## THE TASK
Every line from the one containing "Ақпарат жалпы білім" to the one containing "Three months ago, the" in the records below, both included, must be set down exactly, and no other line.

## RECORDS SUPPLIED
- Opening Delimiter -

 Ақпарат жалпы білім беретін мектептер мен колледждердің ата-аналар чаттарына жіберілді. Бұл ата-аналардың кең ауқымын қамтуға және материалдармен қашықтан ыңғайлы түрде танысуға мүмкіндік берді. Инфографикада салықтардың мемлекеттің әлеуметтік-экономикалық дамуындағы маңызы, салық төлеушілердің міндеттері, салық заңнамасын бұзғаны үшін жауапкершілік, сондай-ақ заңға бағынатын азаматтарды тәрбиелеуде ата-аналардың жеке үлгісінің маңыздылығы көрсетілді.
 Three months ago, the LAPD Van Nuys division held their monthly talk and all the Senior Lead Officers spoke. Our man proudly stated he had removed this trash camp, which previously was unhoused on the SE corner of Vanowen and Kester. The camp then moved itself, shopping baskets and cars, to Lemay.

- Closing Delimiter -
- Opening Delimiter -

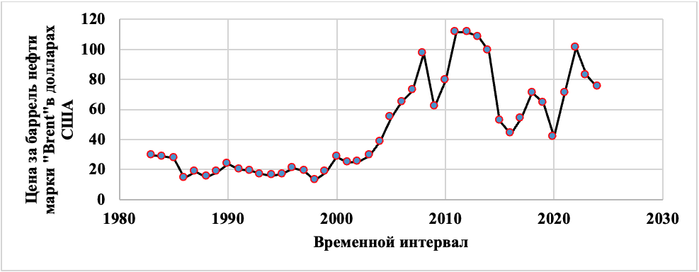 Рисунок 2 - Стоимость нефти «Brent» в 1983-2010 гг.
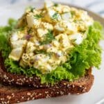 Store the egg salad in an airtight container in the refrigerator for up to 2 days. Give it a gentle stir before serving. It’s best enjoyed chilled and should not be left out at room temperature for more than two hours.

- Closing Delimiter -
- Opening Delimiter -

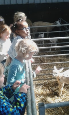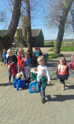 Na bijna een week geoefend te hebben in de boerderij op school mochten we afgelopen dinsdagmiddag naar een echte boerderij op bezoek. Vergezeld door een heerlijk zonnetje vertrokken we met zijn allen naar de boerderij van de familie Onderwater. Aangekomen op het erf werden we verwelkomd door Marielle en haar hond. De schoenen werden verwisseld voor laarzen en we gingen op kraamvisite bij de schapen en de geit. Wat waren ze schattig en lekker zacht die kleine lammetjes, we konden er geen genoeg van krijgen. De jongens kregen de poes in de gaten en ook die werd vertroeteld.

- Closing Delimiter -

## SOLUTION TO THE PROBLEM
 Ақпарат жалпы білім беретін мектептер мен колледждердің ата-аналар чаттарына жіберілді. Бұл ата-аналардың кең ауқымын қамтуға және материалдармен қашықтан ыңғайлы түрде танысуға мүмкіндік берді. Инфографикада салықтардың мемлекеттің әлеуметтік-экономикалық дамуындағы маңызы, салық төлеушілердің міндеттері, салық заңнамасын бұзғаны үшін жауапкершілік, сондай-ақ заңға бағынатын азаматтарды тәрбиелеуде ата-аналардың жеке үлгісінің маңыздылығы көрсетілді.
 Three months ago, the LAPD Van Nuys division held their monthly talk and all the Senior Lead Officers spoke. Our man proudly stated he had removed this trash camp, which previously was unhoused on the SE corner of Vanowen and Kester. The camp then moved itself, shopping baskets and cars, to Lemay.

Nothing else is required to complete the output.